Exercise materials: Begin

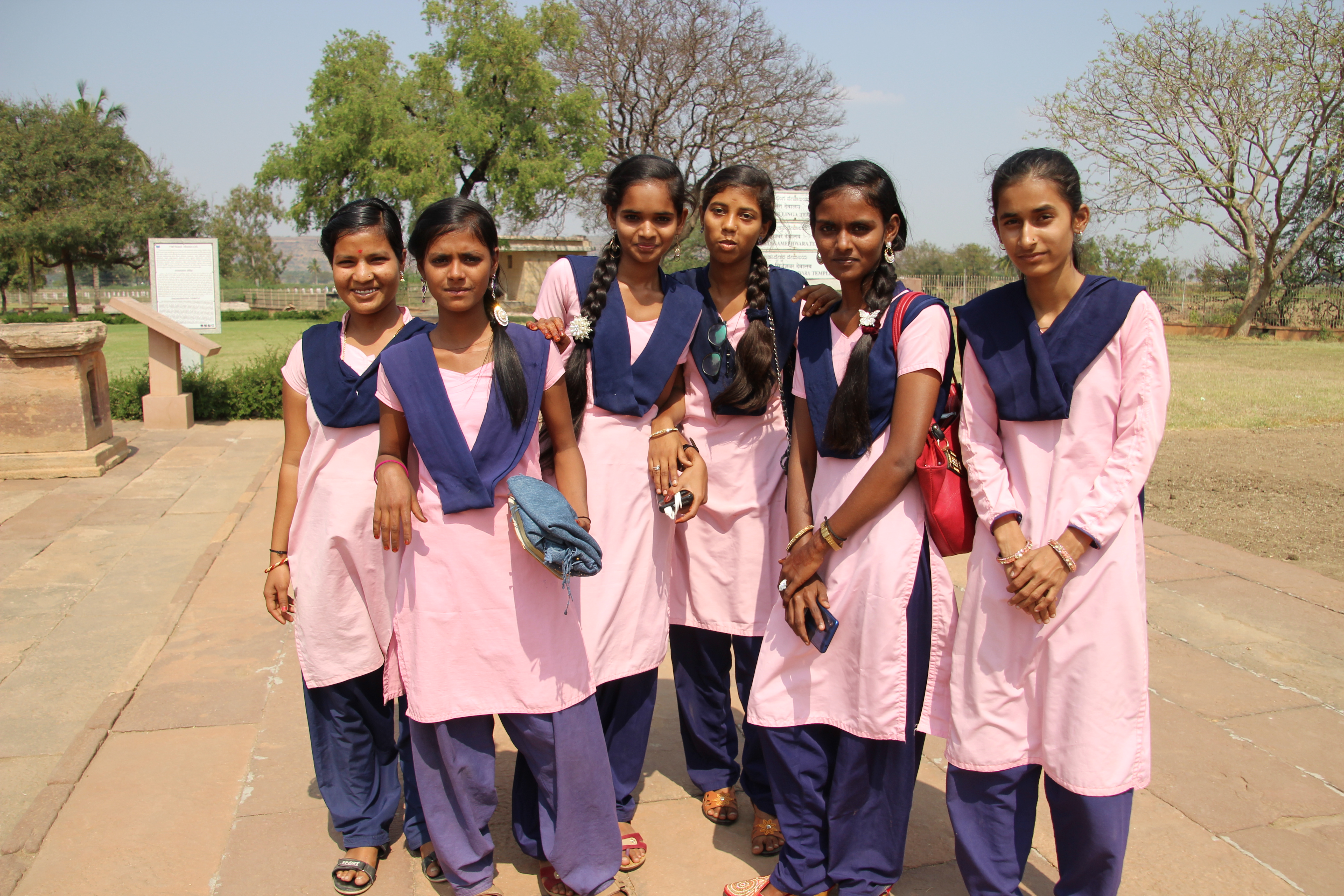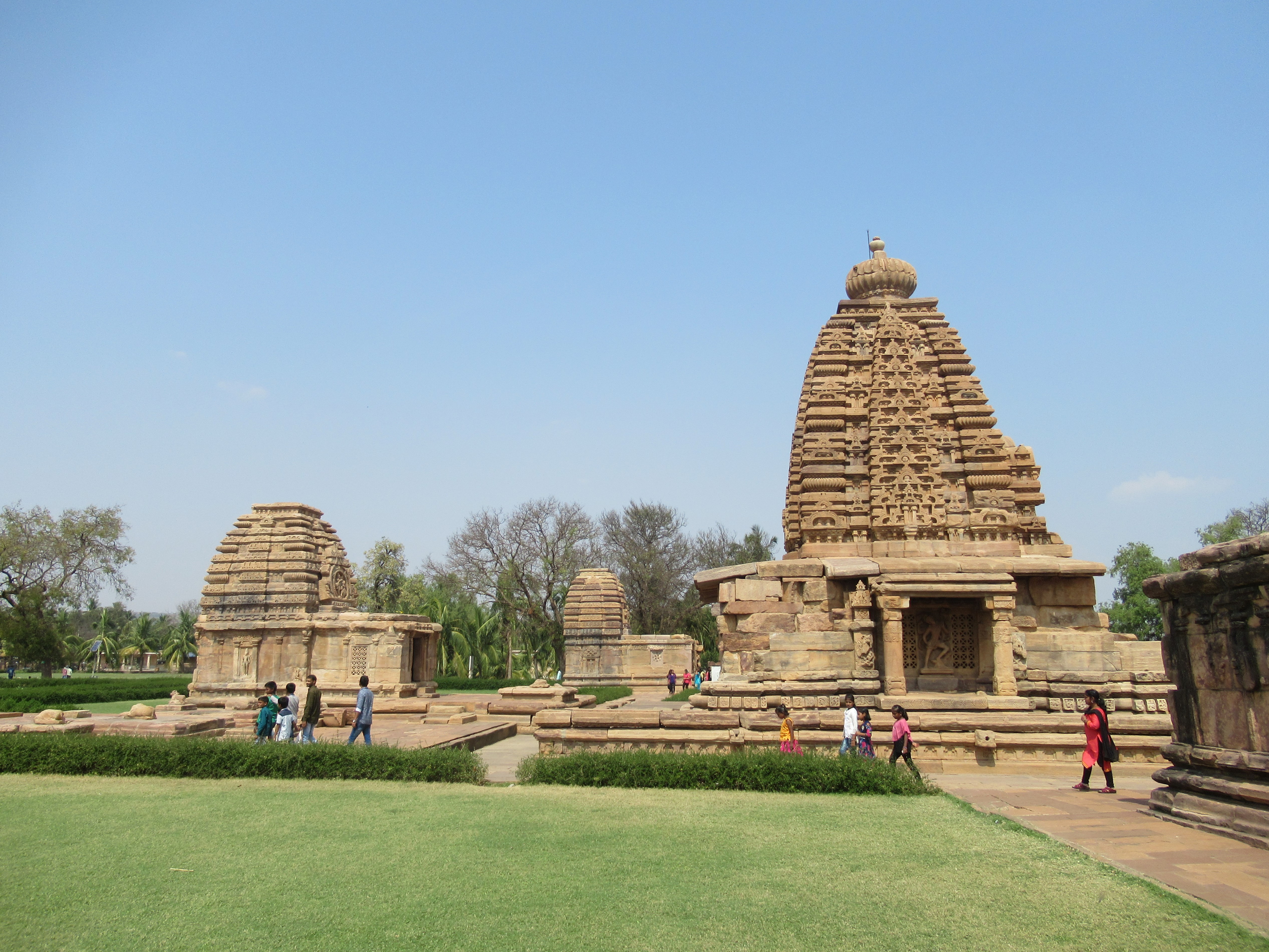 Deuxième site de la journée : Pattadakal, à l’ouest de rivière Malaprabha. Cette ville fut une des capitales du royaume chalukya ainsi qu’un site du couronnement des dieux. Comme le royaume Chalukya s’étendait sur une grande partie du pays, certains temples sont de style Inde du Nord (nagara) et d’autres dans le style Inde du sud (dravidien). Dans le style dravidien le sanctuaire est surmonté d’une tour (vimana ormé de pagodes carrées de plus en plus petites vers le sommet, dans le style nagara, la tour (sikhara) a la forme d’une pyramide bombée.
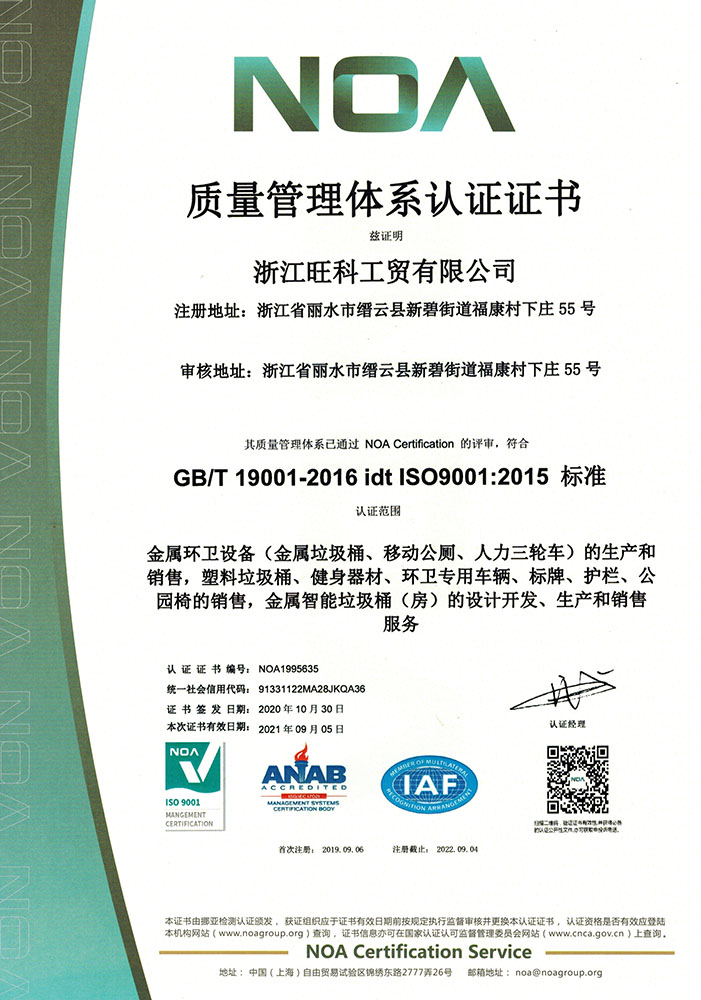 浙江旺科工貿有限公司(原國清桶業)始創于1998年,座落于交通便利、風光秀麗、經濟繁榮,素有“百工之鄉”、“中國科技五金城”美稱的江南古城---永康。是一家集研發、生產、銷售與服務為一體的現代化企業,現公司占地面積16000多平方米,廠房建筑面積20000余平方米。國清桶業專業生產環保設備、垃圾桶、垃圾車、宣傳窗、沖孔垃圾桶、清潔設備、公共休閑椅、崗亭、生態廁所、體育健身器材、雕塑、書寫白板、綠板、黑板、校具、園林工具、塑料制品、五金制品等。
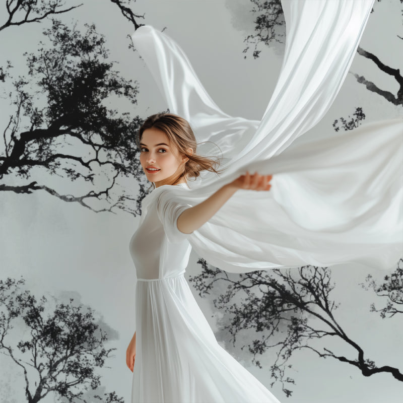 Denna svarta trädtapet visar en elegant komposition av graciösa trädsilhuetter mot en lugn vit bakgrund. De intrikata grenarna skapar ett sofistikerat skuggspel, medan de delikata lövdetaljerna tillför djup och rörelse till designen. Den monokroma trädmuralen fångar naturens organiska skönhet med sina skarpa kontraster och konstnärliga tolkning.
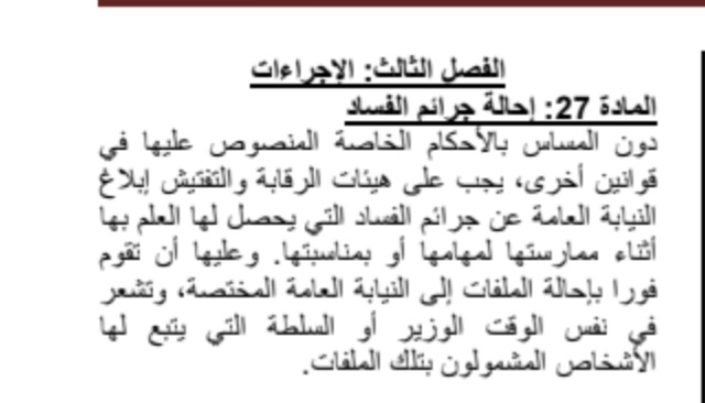 العميد الاستاذ / الكتاب ولد المختار طالب قيام قطب الفساد بالنيابة العامة بمحكمة ولاية انواكشوط الغربية بتفعيل المادة 27 من قانون الفساد رقم 0021 / 2025 الصادر بتاريخ : 25 يونيو 2025 وهذا نصها :
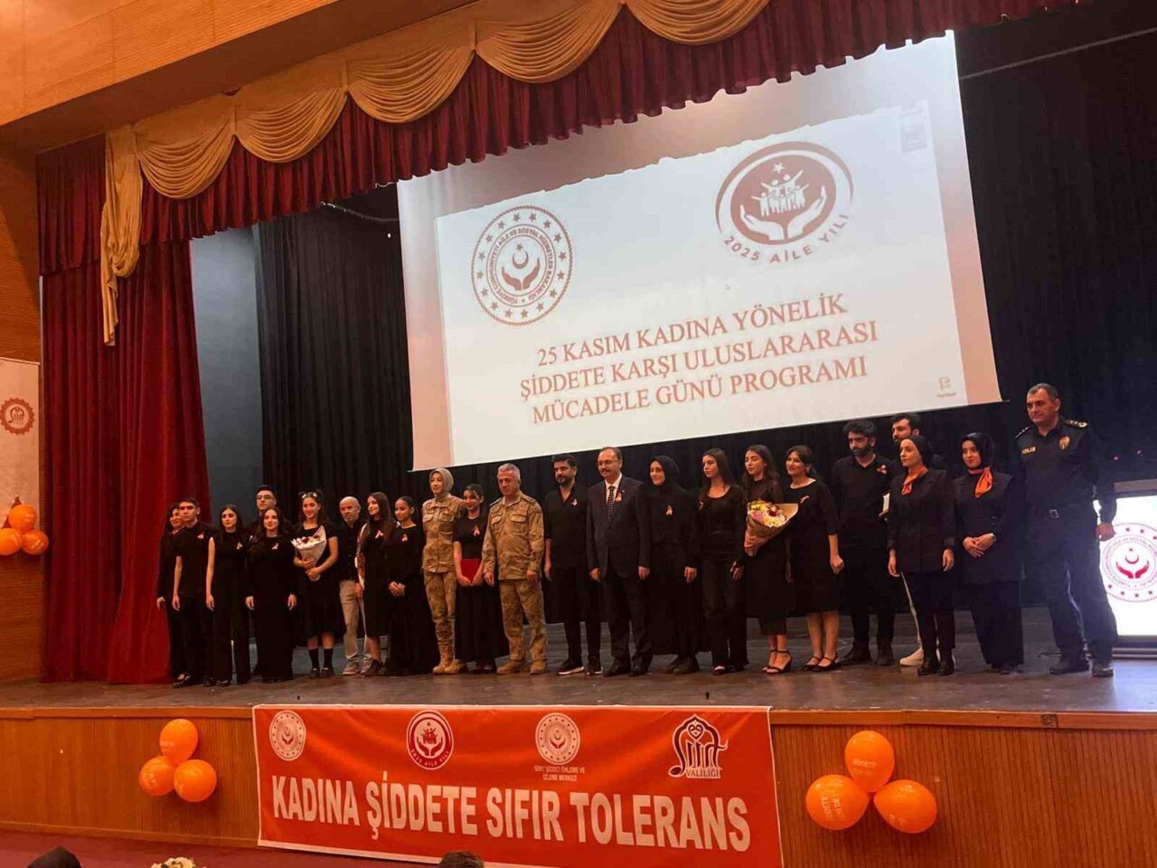İl Milli Eğitim Müdürlüğü’nün konferans salonunda düzenlenen etkinlikte konuşan Vali Kızılkaya, kadına yönelik şiddet konusunda duyarlılık oluşturmak amacıyla bir araya geldiklerini belirtti. Şiddetin yalnızca bireyleri değil, tüm toplumu etkilediğine dikkat çeken Kızılkaya, “Bu tür davranışlar, aile yapısını bozmanın yanı sıra toplumsal düzeni de tehdit ediyor. Kadına karşı her tür şiddeti, insanlığa karşı bir ihanet olarak değerlendiriyoruz. Kadınlar, ailelerin temeli ve toplumun vicdanıdır” diye belirtti.
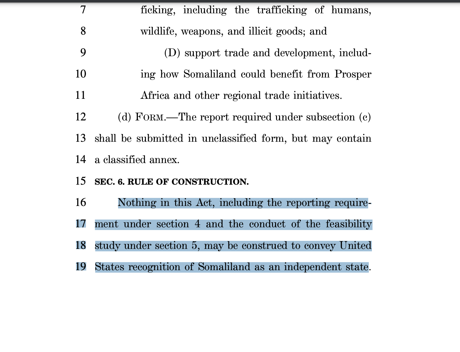 Funnily enough, while the 10 page bill details various efforts, both economically and militarily, to recognize Somaliland as a state-like entity, the bill ends by boldly stating there is “nothing in this act” that could be construed to convey the United States’ “recognition of Somaliland as an independent nation.”

Exercise materials: End

- Work instruction
Skip the pictures and restate exactly the lines from the beginning of the listing to the line with "العميد الاستاذ /", that line included.

- Result of the task
 Deuxième site de la journée : Pattadakal, à l’ouest de rivière Malaprabha. Cette ville fut une des capitales du royaume chalukya ainsi qu’un site du couronnement des dieux. Comme le royaume Chalukya s’étendait sur une grande partie du pays, certains temples sont de style Inde du Nord (nagara) et d’autres dans le style Inde du sud (dravidien). Dans le style dravidien le sanctuaire est surmonté d’une tour (vimana ormé de pagodes carrées de plus en plus petites vers le sommet, dans le style nagara, la tour (sikhara) a la forme d’une pyramide bombée.
 浙江旺科工貿有限公司(原國清桶業)始創于1998年,座落于交通便利、風光秀麗、經濟繁榮,素有“百工之鄉”、“中國科技五金城”美稱的江南古城---永康。是一家集研發、生產、銷售與服務為一體的現代化企業,現公司占地面積16000多平方米,廠房建筑面積20000余平方米。國清桶業專業生產環保設備、垃圾桶、垃圾車、宣傳窗、沖孔垃圾桶、清潔設備、公共休閑椅、崗亭、生態廁所、體育健身器材、雕塑、書寫白板、綠板、黑板、校具、園林工具、塑料制品、五金制品等。
 Denna svarta trädtapet visar en elegant komposition av graciösa trädsilhuetter mot en lugn vit bakgrund. De intrikata grenarna skapar ett sofistikerat skuggspel, medan de delikata lövdetaljerna tillför djup och rörelse till designen. Den monokroma trädmuralen fångar naturens organiska skönhet med sina skarpa kontraster och konstnärliga tolkning.
 العميد الاستاذ / الكتاب ولد المختار طالب قيام قطب الفساد بالنيابة العامة بمحكمة ولاية انواكشوط الغربية بتفعيل المادة 27 من قانون الفساد رقم 0021 / 2025 الصادر بتاريخ : 25 يونيو 2025 وهذا نصها :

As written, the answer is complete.